Read The House of Unexpected Sisters Page 16


  She had so much to think about, and as the day had progressed, she had been unable to turn her mind to anything else. I have a sister; I have a sister. She played with the words, savouring the novelty of the phrase. I have a sister. For most, such an utterance would be unremarkable: most people in Botswana had brothers or sisters because families were large and it was nothing unusual to have several siblings. Some people had six or seven, with a wide range of ages—Charlie, for instance, had four brothers as well as two sisters; Fanwell, too, referred from time to time to brothers in Francistown and Serowe, although he never said how many there were. She had been the only child because her mother had died young, when Precious was still very small, and the tiny family—she and her father—had been left alone, joined from time to time by aunts and cousins who had rallied round.
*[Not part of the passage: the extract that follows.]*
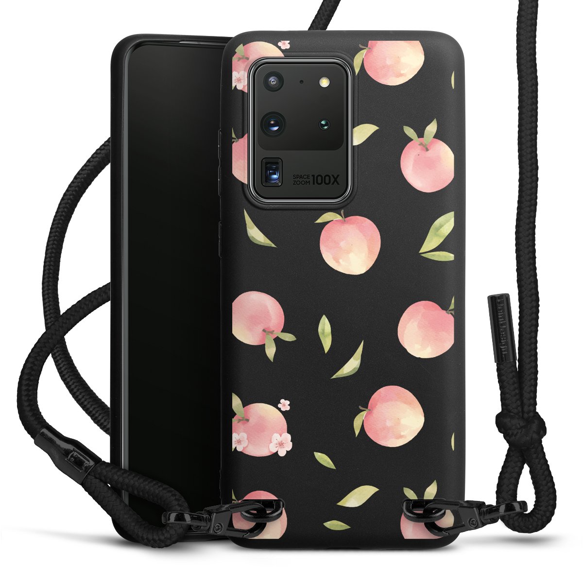 We use the solid direct print process for this phone case, which is why the print area only covers the back and the edge remains unprinted. The case to wear around your neck can be ordered unprinted, fully printed, or partially printed. For your design, either choose one of our exclusive shop motifs or get creative and create your own design, for example with photos and overlays. Design your own personal trend accessory and make an individual statement on the streets!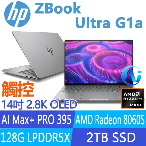 TOP1 HP 惠普ZBook Ultra G1a 14吋2.8K觸控OLED工作站(AI Max+ PRO 395/128G/2T SSD/W11P/WSL2/1年保固/BK6M7PT)

  As a child, she had been acutely conscious of her lack of brothers and sisters. While other children at school talked of the doings of their siblings, she had remained silent, pretending not to care that she had nothing to contribute; but the sense of having missed out on something was always there, and was painful. Like many children who invent an imaginary friend, she invented an elder sister, Luxury, and a younger brother called Samson. The sister’s name came from an advertisement she had seen in a magazine for ladies’ underwear, all lace and frills, and impossibly exotic to a seven-year-old girl living in Mochudi in those days. “Let luxury be your companion,” said the advertisement, and she responded, although not in the way the advertisers imagined. Luxury was older than Precious; she was almost sixteen, an age as alluring as it was seemingly distant to a child eight years younger; she was very beautiful, of course, wore garments like those in the advertisement, and she was invited to dances by boys. But in spite of all this, she had time for her younger sister and was available for games with dolls and the toy pram with only three wheels that Obed had bought for Precious at a sale. They would find the fourth wheel one day, he said, if they kept their eyes open.

  Samson, the imaginary brother, was only five but needed no looking after. His name was chosen from exposure to the story of Samson at Sunday school, and like his biblical counterpart, Samson was unusually strong. He could lift small boulders and push cars to start them when their batteries went flat. He had once unwound a python when it had wrapped itself around one of the nurses from the hospital; the python hissed as it felt Samson wind its coils off the unfortunate nurse, but it could do nothing in the face of the small boy’s superior strength.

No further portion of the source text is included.